Home prices hit a record high in May, rising 0.7% nationally compared with April at a seasonally adjusted rate, according to the Black Knight Home Price Index.
Prices, which have been rising since January, were 0.1% higher in May than a year earlier.
The sharp jump in mortgage interest rates last year threw cold water on an overheated housing market, but it didn’t last long. Even with rates still high, home prices are now gaining again, and the gains are accelerating with each new month.
“There is no doubt that the housing market has reignited from a home price perspective,” said Andy Walden, vice president of enterprise research at Black Knight.
“Though the backward-looking annual growth rate dipped to 0.1%, May’s exceptionally strong +0.7% month-over-month gain would equate to an annualized growth rate of 8.9%, suggesting the annual home price growth rate would remain at or near 0% for only a short time before inflecting and trending sharply higher in coming months,” Walden added.
Prices began dropping last summer, after the average interest rate on the 30-year fixed-rate mortgage more than doubled in just six months. They continued to fall until January, when buyer demand returned but came up against very tight supply. Buyers may have simply gotten used to higher rates.
“Earlier this year I shared that I believed 6% mortgage rates were accepted as the new normal. I think now we’re in an environment where 7% mortgage rates are now the new normal, and people are accepting it,” Robert Reffkin, CEO of Compass Real Estate said last week on CNBC’s “Squawk on the Street.”
By May, just over half of the nation’s 50 largest housing markets, mostly in the Midwest and Northeast, had either returned to their prior price peaks or set new highs.
Home prices are still weaker in the West and in many of the cities deemed pandemic “boom towns,” which had an influx of remote workers finding new homes during the earlier days of Covid.
But those prices are starting to firm up. Homes in San Jose, California, lost 10% of their value last year, but inventory is starting to fall again, and prices there are now reheating.
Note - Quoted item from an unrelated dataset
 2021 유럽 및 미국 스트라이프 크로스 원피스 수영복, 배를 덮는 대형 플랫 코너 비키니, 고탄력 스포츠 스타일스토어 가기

They rose 1.4% in May, the second largest month-to-month increase of any market on a seasonally adjusted basis. San Diego, Los Angeles, San Francisco and Seattle also saw price growth in May, as well.
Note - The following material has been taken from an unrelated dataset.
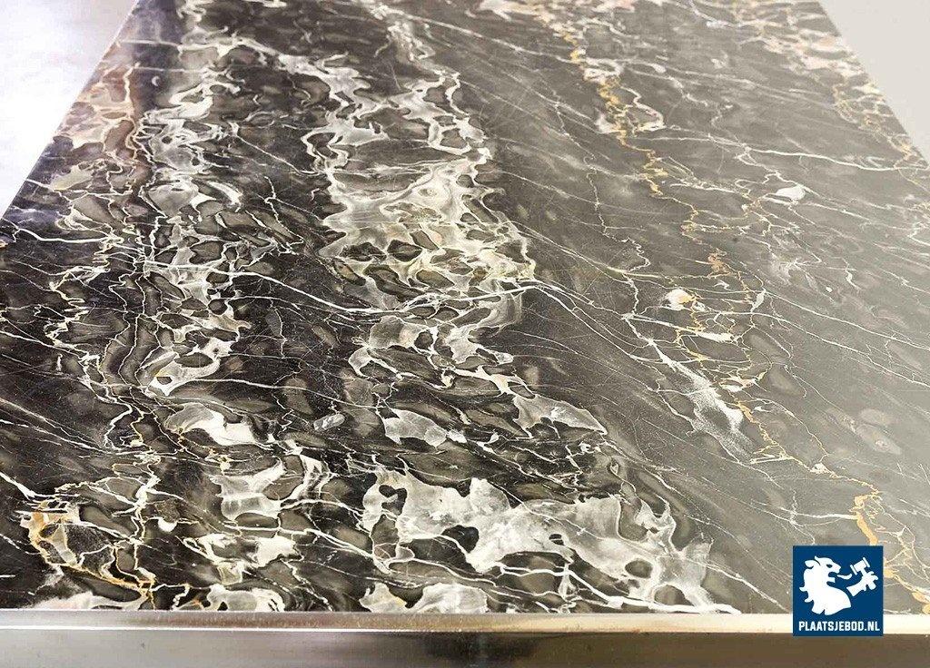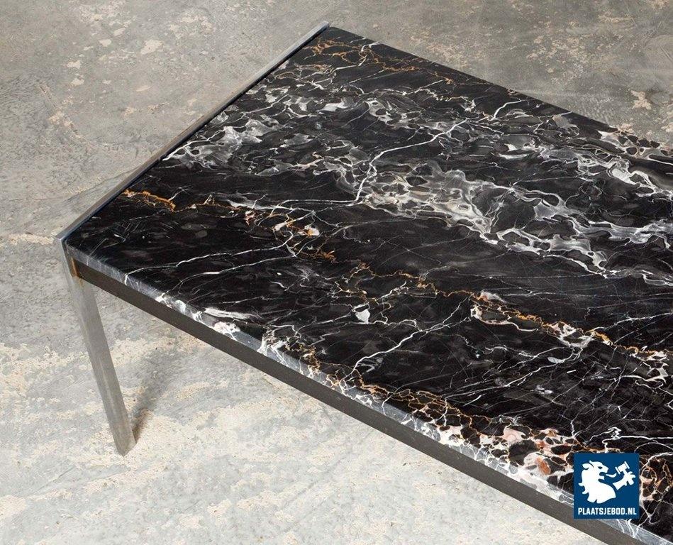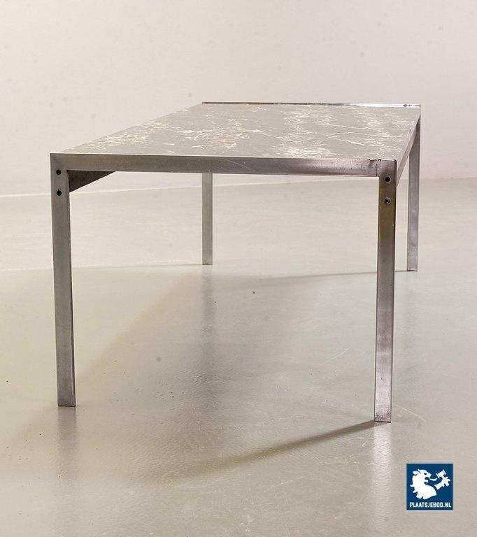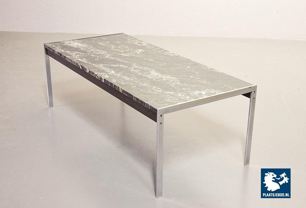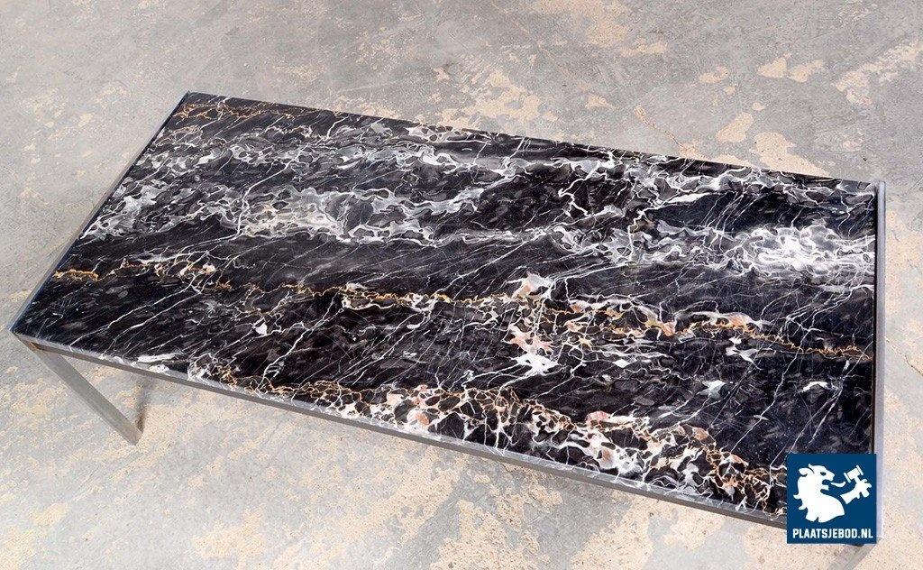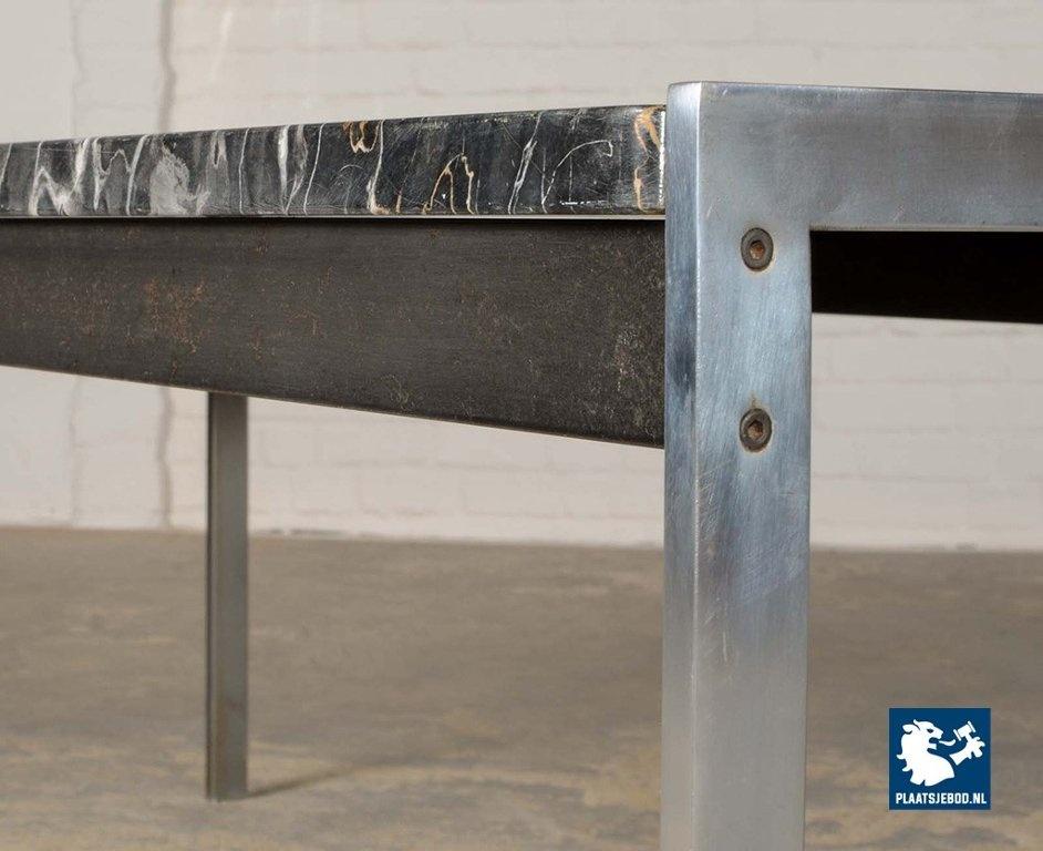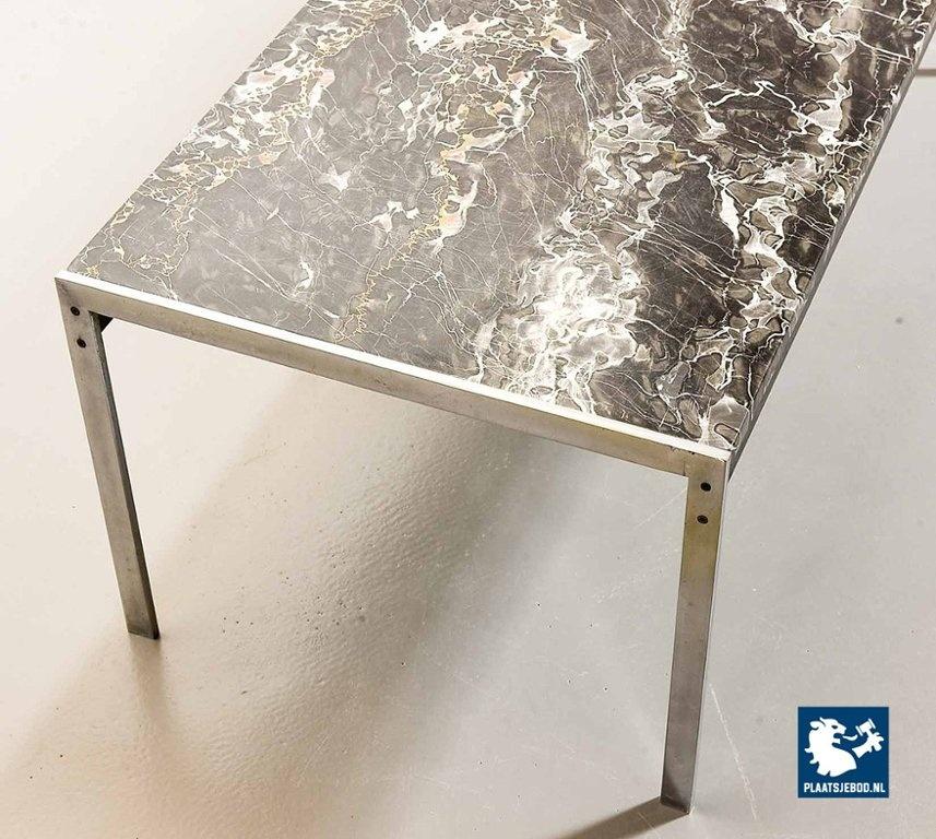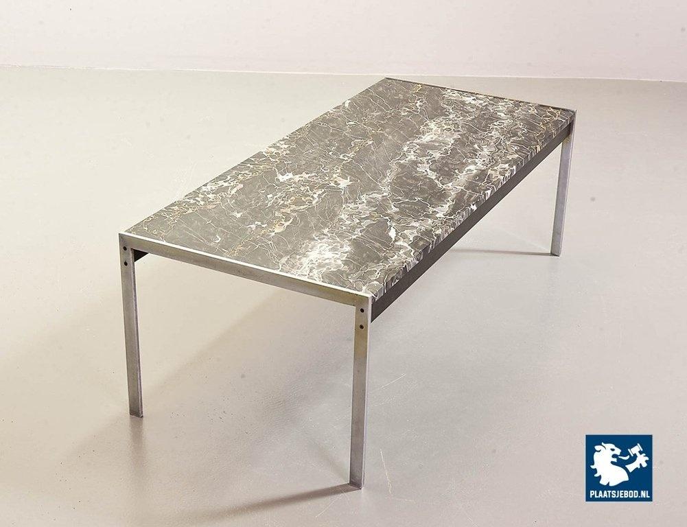 Lot 305-167-CT007-S3: Minimalistic and Exclusive Mid-Century Kho Liangh Black Italian Marble and Brushed Steel Coffee Table by Artifort. The Netherlands, 1960s.

The one exception is Austin, Texas, one of the biggest pandemic boom towns.
“Inventory there continues to run above pre-pandemic levels, putting downward pressure on prices, which have fallen to -13.8% below peak, the largest gap of any market. Just eight of the top 50 markets are currently more than 5% below their 2022 peaks,” Walden said.
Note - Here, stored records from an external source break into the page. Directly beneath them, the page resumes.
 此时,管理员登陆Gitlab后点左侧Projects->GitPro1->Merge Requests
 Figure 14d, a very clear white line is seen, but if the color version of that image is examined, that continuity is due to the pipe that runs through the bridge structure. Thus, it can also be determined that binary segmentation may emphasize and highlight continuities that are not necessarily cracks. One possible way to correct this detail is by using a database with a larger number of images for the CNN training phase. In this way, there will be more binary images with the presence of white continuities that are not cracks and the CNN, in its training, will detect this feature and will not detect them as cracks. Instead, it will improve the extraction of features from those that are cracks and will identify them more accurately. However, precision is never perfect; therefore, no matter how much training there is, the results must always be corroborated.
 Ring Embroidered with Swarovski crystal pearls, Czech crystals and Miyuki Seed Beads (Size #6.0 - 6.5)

In general, though, supply is declining again. New listings are down about 25% from a year ago, as homeowners with sub-4% mortgage rates are reluctant to sell their homes and potentially pay a much higher interest rate on another home. Total inventory is now about half of what it was just before the pandemic, which caused a massive housing boom.
Sales of pre-owned homes are still much weaker than they were a year ago, but that has less to do with higher costs and more to do with less supply. The median price of a pre-owned home in May was $396,100, according to the National Association of Realtors. Redfin, a real estate brokerage, reported last week that the average home is now selling just above its list price for the first time in nearly a year.
Bidding wars are clearly coming back, even if affordability is taking a hit. As of June 22, with 30-year rates at 6.67%, it required $2,258 per month in principal and interest to make the monthly payment on a median-priced home with 20% down and a 30-year mortgage, according to Black Knight. That is the highest such payment on record, marginally higher than the $2,234 required back in October.